Employee Error During Upgrade Behind Rogers 2022 Wireless Outage

Employee Error During Upgrade Behind Rogers 2022 Wireless Outage
A person looks at their cell phone displaying a Rogers service interruption alert in Montreal on July 8, 2022. (The Canadian Press/Graham Hughes)
Chandra Philip
Updated:
0:00

A mistake by Rogers staff was behind the 2022 outage where 12 million customers lost wireless services, according to an independent report.

The wireless outage occurred on July 8, 2022, and lasted 12 to 15 hours, with some customers saying they could not even dial 9-1-1 from their cellphones.

The outage affected emergency call services in several provinces, including Alberta, British Columbia, Ontario, and Quebec. It also impacted government services and call centres.

The Canadian Radio-television and Telecommunications Commission (CRTC) hired Xona Partners to conduct an investigation into the causes of the outage.

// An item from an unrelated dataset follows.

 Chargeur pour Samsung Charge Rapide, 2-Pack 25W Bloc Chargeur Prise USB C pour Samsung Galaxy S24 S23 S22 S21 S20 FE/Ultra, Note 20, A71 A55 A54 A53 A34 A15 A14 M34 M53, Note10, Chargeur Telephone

The incident happened when Rogers was upgrading its IP core network and staff removed a policy filter, the investigation found. This led to the system becoming overloaded and crashing.

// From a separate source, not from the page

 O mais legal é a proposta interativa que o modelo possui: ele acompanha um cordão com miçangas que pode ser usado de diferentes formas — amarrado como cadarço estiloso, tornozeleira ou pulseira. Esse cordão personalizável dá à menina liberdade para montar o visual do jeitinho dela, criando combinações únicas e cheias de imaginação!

“The core routers crashed within minutes from the time the policy filter was removed from the distribution routers configuration,” the authors wrote. “When the core network routers crashed, user traffic could no longer be routed to the appropriate destination. Consequently, services such as mobile, home phone, Internet, business wireline connectivity, and 9-1-1 calling ceased functioning.”

Other factors contributed to the problem, the report says, including the dropping of Rogers’ risk assessment from high to low during the change.

“The Low risk assessment resulted in Rogers staff not being required to conduct additional scrutiny, go through higher levels of approvals, and conduct laboratory testing for this configuration change.”

According to the investigation, the outage was prolonged due to Rogers’ remote staff’s inability to access the management network, and a lack of backup connectivity to the network operation centre.

It found that even Rogers employees were unable to communicate with each other due to the outage.

“Rogers staff relied on the company’s own mobile and Internet services for connectivity to communicate among themselves,” the authors said. “When both the wireless and wireline networks failed, Rogers staff, especially critical incident management staff, were not able to communicate effectively during the early hours of the outage.”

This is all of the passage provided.